Fux News anchor Chris Wallace laughs at Sarah Palin’s self parody

I should have seen this coming:

Last Friday Sarah Palin mistakenly stated that Paul Revere went to warn the British on his famous “midnight ride.” Yesterday Palin “doubled down” on her claim, saying that she was not mistaken when she was again asked about Revere on Fox News Sunday. Palin’s followers evidently also believe her side of the story, and have undertaken a large effort to change the Paul Revere Wikipedia page in order to make the her story “correct.” The Palin army had some success in changing the page, but still has not provided a legitimate source to show that Revere warned the British.

David Weigel at Slate explains:

This is a hell of a get by Charles Johnson. Starting on Sunday, as Sarah Palin kept explaining that her version of the Paul Revere “Midnight Ride” was historically accurate, Palin fans emerged on Wikipedia to “fix” the Revere biography. Palin’s taking heat for saying Revere “warned the British”? No problem: Just add the line in italics.

Revere did not shout the phrase later attributed to him (“The British are coming!”), largely because the mission depended on secrecy and the countryside was filled with British army patrols; also, most colonial residents at the time considered themselves British as they were all legally British subjects.

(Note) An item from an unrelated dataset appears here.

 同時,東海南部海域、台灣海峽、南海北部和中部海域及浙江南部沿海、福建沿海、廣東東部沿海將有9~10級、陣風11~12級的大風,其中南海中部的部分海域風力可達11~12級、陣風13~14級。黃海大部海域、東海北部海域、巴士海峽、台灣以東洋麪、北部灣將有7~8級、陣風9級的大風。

How long will it be before the Wiki moderators are forced to block the Palinistas from trying to rewrite history according to the world inside Sarah’s noggin?

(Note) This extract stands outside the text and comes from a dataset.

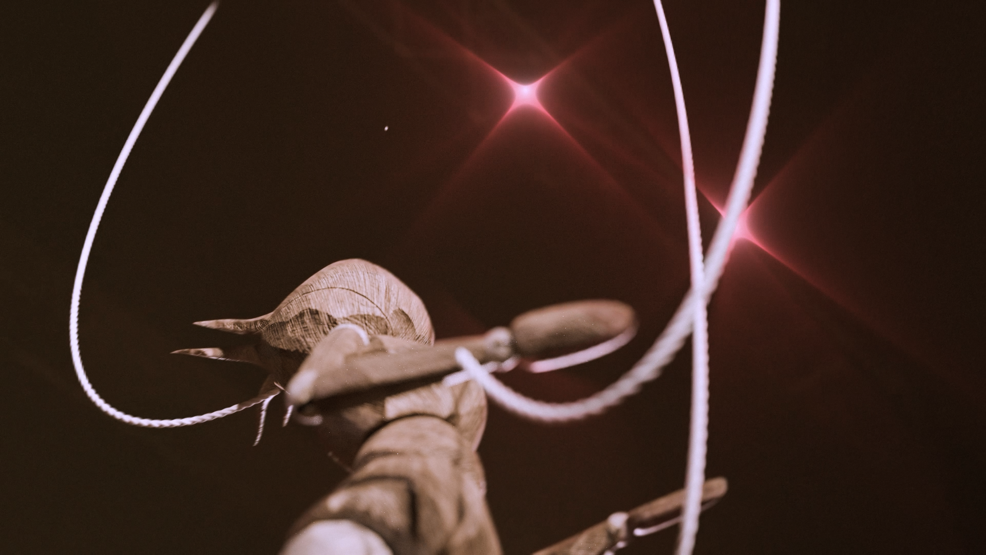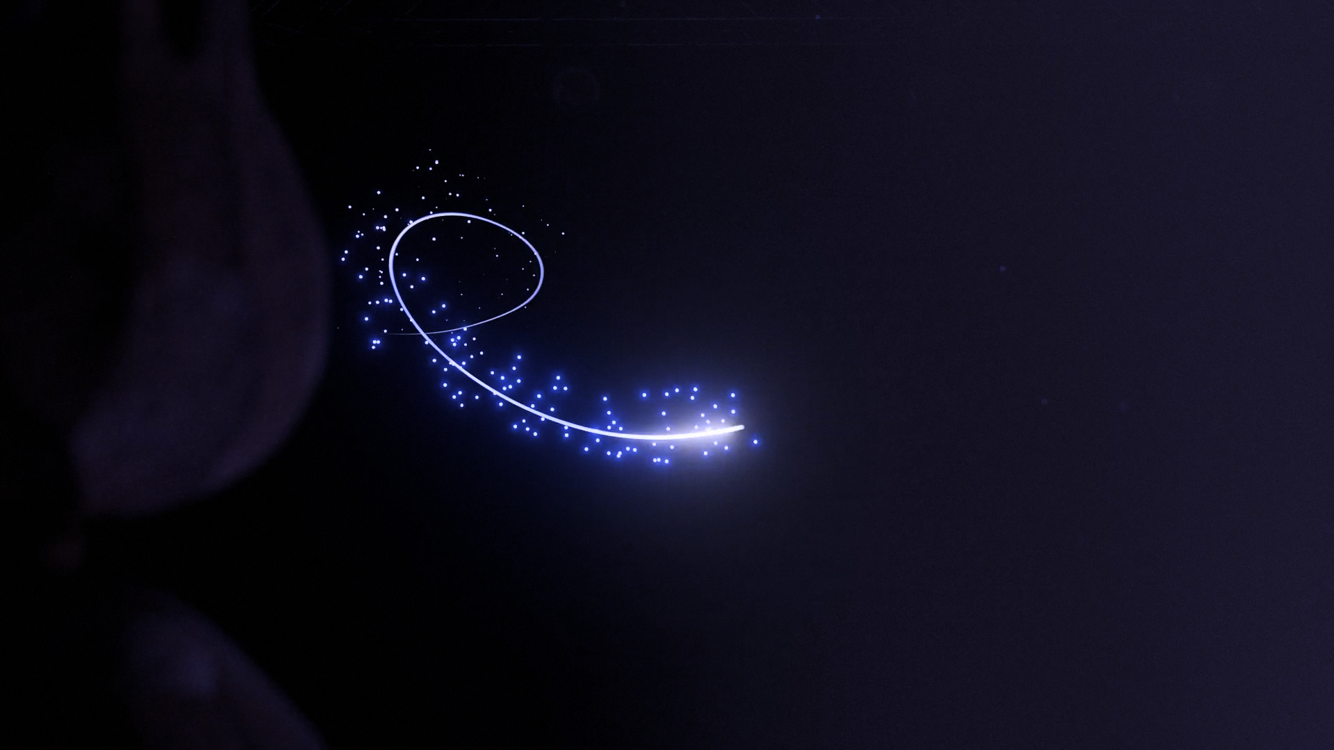 The string-like particles lead her forward, contrasting the actual string surrounding her on the floorboards. While watching the film, you'll also realize that the particles represent her flow-state and love for dance as an art.

But, hold on there– maybe she’s right! In a weird, Bizzaro world/universe kind of way, that is.

Could Sarah be the promised of avatar of quantum mechanics,  the human incarnation of Schrodinger’s Cat?  Will she be responsible for resolving a paradox that has baffled some of the greatest scientific minds of the last century?

Is Sarah the embodiment of QM’s Many Worlds Theory,  and by extension, the new Multiverse Theory proposed by Stanford University’s Leonard Susskind and UC Berkley’s Raphael Bousso?

Graphical representation of “the supersymmetric multiverse with vanishing cosmological constant”

MIT’s Technology Review sets the table:

The Multiverse Interpretation of Quantum Mechanics,

The many worlds interpretation of quantum mechanics is the idea that all possible alternate histories of the universe actually exist. At every point in time, the universe splits into a multitude of existences in which every possible outcome of each quantum process actually happens….

This implies that there are an infinite number of universes, or at least a very large number of them.

That’s weird but it is a small price to pay, say quantum physicists, for the sanity the many worlds interpretation brings to the otherwise crazy notion of quantum mechanics. The reason many physicists love the many worlds idea is that it explains away all the strange paradoxes of quantum mechanics…

Let’s put the many world interpretation aside for a moment and look at another strange idea in modern physics. This is the idea that our universe was born along with a large, possibly infinite, number of other universes. So our cosmos is just one tiny corner of a much larger multiverse.

Today, Leonard Susskind at Stanford University in Palo Alto and Raphael Bousso at the University of California, Berkeley, put forward the idea that the multiverse and the many worlds interpretation of quantum mechanics are formally equivalent.

But there is a caveat. The equivalence only holds if both quantum mechanics and the multiverse take special forms…

Is Sarah one of those “special forms? ” Is it possible that her very existence embodies ” the otherwise crazy notion of quantum mechanics” and “explains away all the strange paradoxes of quantum mechanics”?  Is she “a small price to pay…for the sanity the many worlds interpretation brings to the otherwise crazy notion of quantum mechanics”?

Is it too early in the morning to be hallucinating this much?

We report, you decide.

UPDATE: Even Fux News gets sucked into the Many Worlds black hole vortex of the Palin Multiverse.

Here Fux does a segment on the Rethug presidential wannabes, and when it comes to covering their own employee, features a picture of Tina Fey instead.

To quote Robin Williams: Reality– what a concept!